What is the empirical formula for a compound which contains 67.1 percent zinc and the rest is oxygen
Take a 100 g sample which means
67.1 g Zn
100-67.1 = 32.9 g oxygen.
moles Zn = 67.1/atomic mass Zn = ?.
moles O = 32.9/16 = ?
Now find the ratio of the two elements to each other in small whole numbers with the smallest number no less than 1.00. The easy way to do that is to divide the smaller number of moles by itself thereby assuring you of obtaining 1.00 for that one. Then divide the other number by that same small number. Then round to whole numbers.
1000
ZnO2
To determine the empirical formula of a compound, you need to know the mass or percent composition of each element in the compound.
In this case, the compound contains 67.1% zinc and the remaining percentage is oxygen. To determine the empirical formula, we can assume that we have 100 grams of the compound. This allows us to convert the percentages into grams.
Since the compound is 67.1% zinc, we have 67.1 grams of zinc. The remaining 32.9 grams (100 - 67.1) is oxygen.
The next step is to convert the grams of each element into moles. We can do this by dividing the mass by the molar mass of the respective element.

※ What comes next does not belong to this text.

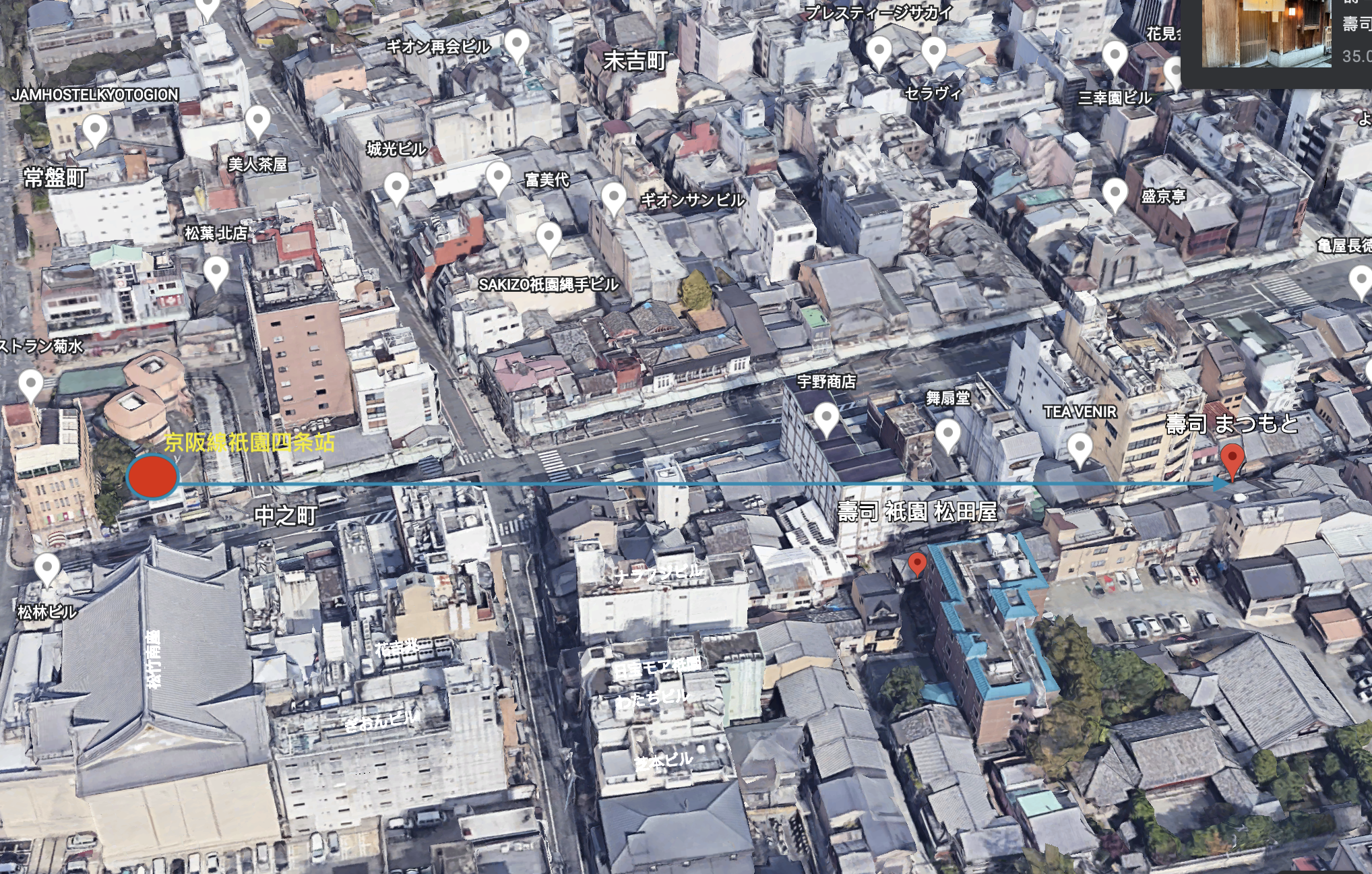 來到京都已經是下午兩點了,今天要去的餐廳是位在京都祇園花見小路小巷裡的壽司餐廳「鮨まつもと」,原本是訂中午的位,因為來不及,因此調整為晚上。記得當時定餐廳還挺麻煩的,尤其是壽司店,有時他們也會顧及有關語言溝通的問題,而不接受外國人訂位,當然如果是有日本人帶路就絕對沒問題。所幸有朋友幫忙,讓我也可以嘗試到第一次、一個人、坐在日本的握壽司餐廳裡用餐,儘管天冷、緊張,但還是相當的開心。

The molar mass of zinc (Zn) is 65.38 g/mol, and the molar mass of oxygen (O) is 16.00 g/mol.
For zinc:
67.1 g Zn × (1 mol Zn / 65.38 g Zn) ≈ 1.026 mol Zn
For oxygen:
32.9 g O × (1 mol O / 16.00 g O) ≈ 2.056 mol O
The final step is to find the simplest whole number ratio of the elements. By dividing both values by the smaller value, we can find the ratio:
1.026 mol Zn ÷ 1.026 ≈ 1 mol Zn
2.056 mol O ÷ 1.026 ≈ 2 mol O
So, the empirical formula for the compound is ZnO, indicating that it contains one zinc atom and two oxygen atoms.